The time-to-event endpoint was generated [32, 33] from a Weibull hazard model as \( T={\left(- logU/\lambda \exp \left({\beta}^{\prime }X\right)\right)}^{\raisebox{1ex}{$1$}\!\left/ \!\raisebox{-1ex}{$p$}\right.} \), where p = 0.9, λ =0.1, with U following a uniform distribution on the interval from 0 to 1 and with the matrix of covariates X including the biomarker value (XBM), the risk factor (XRisk Factor) and the confounder (XConf). A random right censoring time was generated from an exponential distribution and three different censoring rates were considered (ρ equal to 0, 0.1, 0.4) to yield 0, 15 and 50% subjects censored at the end of follow-up time τ. Minimum between time-to-event Ti and censoring Ci (Zi = min(Ti, Ci)) was calculated, with ∆i = I(Ti < Ci). Administrative censoring was set at τ =2. This setting resulted in an average of 500 events for each phase I dataset at the end of follow-up. The values for the regression coefficients (β) and baseline hazard were chosen to mimic the observed values in ALL data [15, 34]. Details of all specific parameters were reported in the Additional file Table S1.
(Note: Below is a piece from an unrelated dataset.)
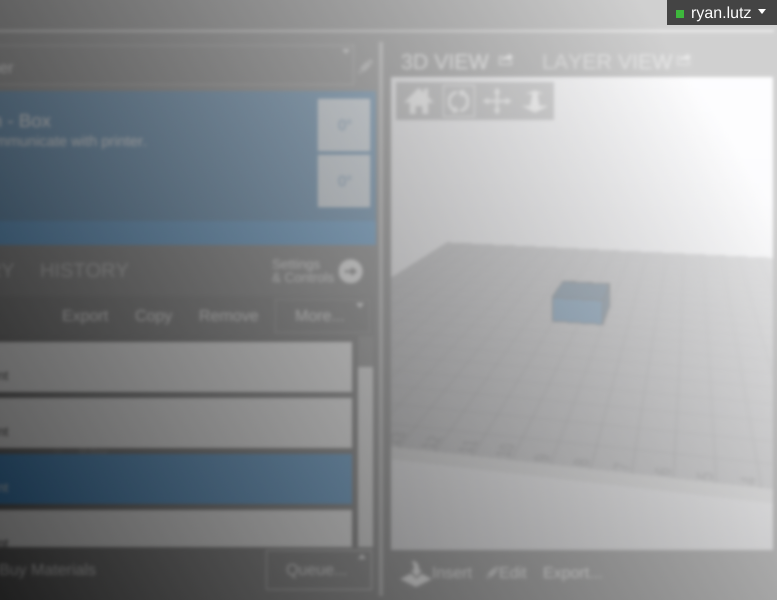 When a user is signed in, the user name is shown with a colored square to its left to indicate the status of the connection to MatterControl's Cloud Sync services. A small triangle to the right of the user name is a drop down menu containing

The sampling design scheme for the phase II (size n) was illustrated in the paragraph Phase II Sample in section Simulation context. In particular, we performed SRS, PPS and CC (the last two stratified by event or event and risk factor or event and confounder or event and surrogate) and, finally, NCC and CM.
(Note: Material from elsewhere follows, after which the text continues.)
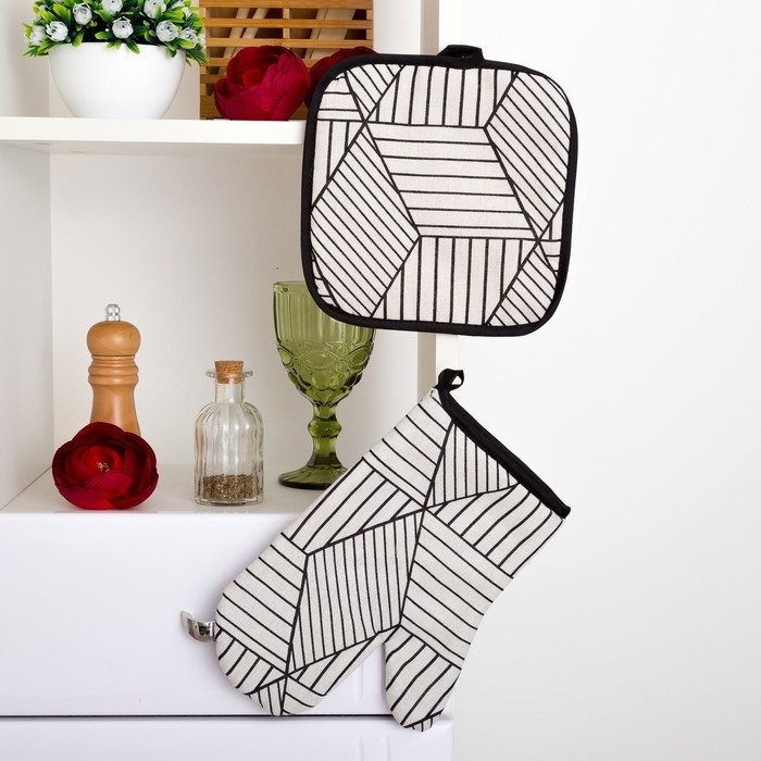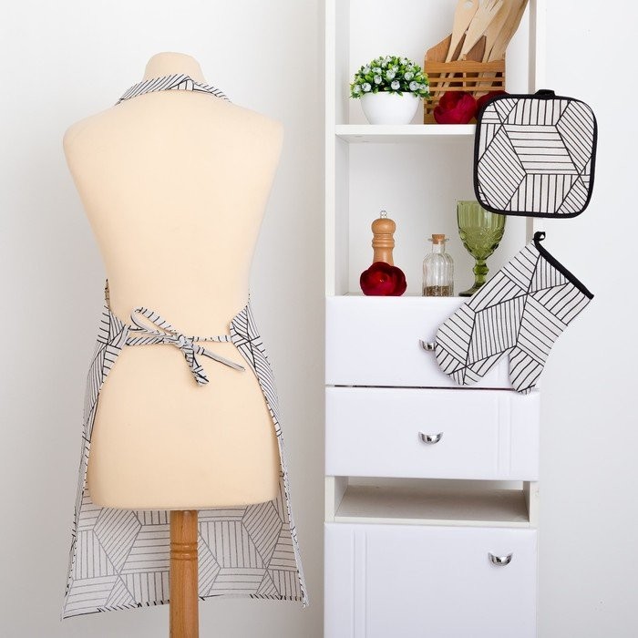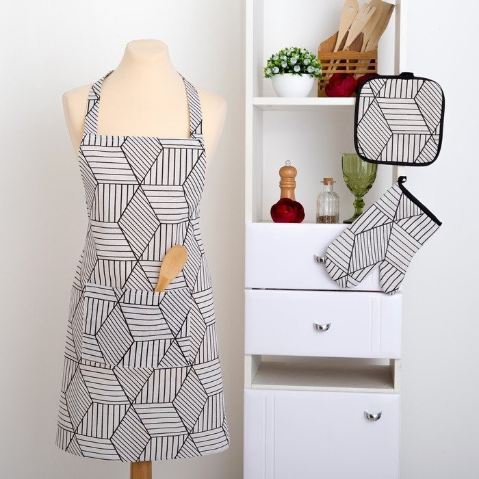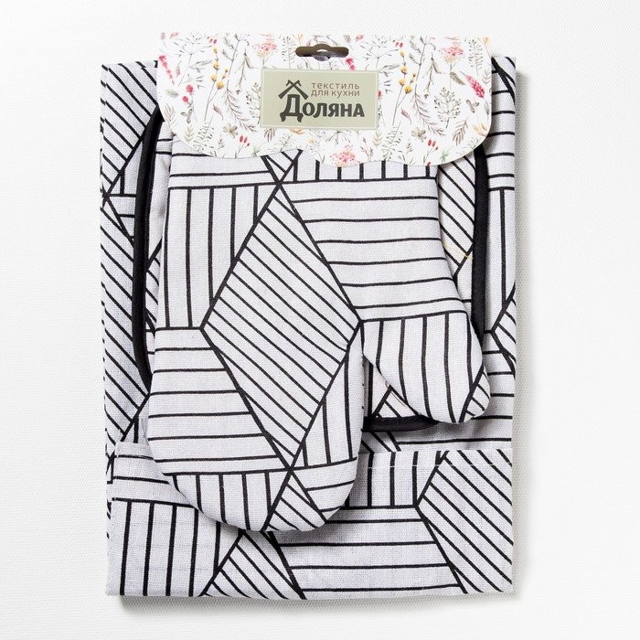 Набор Доляна фартук/прихватка/варежка, Тренд бел, 100%пэ, рогожка 200 гр/м

Information on XBM was disregarded for subjects not included in the phase II sample and a weighted Cox model was applied to estimate βBM as described in Evaluation of Biomarker impact on the event section.
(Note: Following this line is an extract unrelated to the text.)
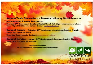 July: We finalised the design for the fliers, setting the times for when we thought the most people would be able to attend (needed to juggle people who work on Saturdays with those families who are on an early clock). J told us the ‘thank you tree’ was under control, and she had ordered some rather smart autumn leaves. We discussed whether to have a flower demo followed by a workshop, or whether to split that over two evenings. We then realised we were suggesting people came Thursday, Friday, Saturday and Sunday to harvest events, and this might be too much for most people. Decided to drop the Friday workshop, and instead decorate the church Saturday morning.

The performance of the estimate of βBM over the B simulations has been assessed by the following measures [32]:
-
(i)
Bias, given by = \( {\overline{\hat{\beta}}}_{BM}-{\beta}_{BM} \), where \( {\overline{\hat{\beta}}}_{BM} \) = \( \frac{\sum_{i=1}^B{\hat{\beta}}_{iBM}}{B} \),
-
(ii)
\( SE\left({\hat{\beta}}_{BM}\right), \) the empirical Standard Error (SE) of βBM over all simulations,
-
(iii)
Design effect, defined as the ratio between the estimated variance of βBM in each sampling design by the one in SRS [35],
-
(iv)
Mean Square Error, MSE, given by \( {\left({\overline{\hat{\beta}}}_{BM}-{\beta}_{BM}\right)}^2+{\left( SE\left({\hat{\beta}}_{BM}\right)\right)}^2 \),
-
(v)
Coverage of the 95% confidence interval (CI) of βBM and 95%CI length,
-
(vi)
Power, number of times in which the null hypothesis (βBM = 0) was rejected by the Wald test at 5% significance level in the weighted Cox regression model.
All analyses were performed using R software (version 3.5.2) [36].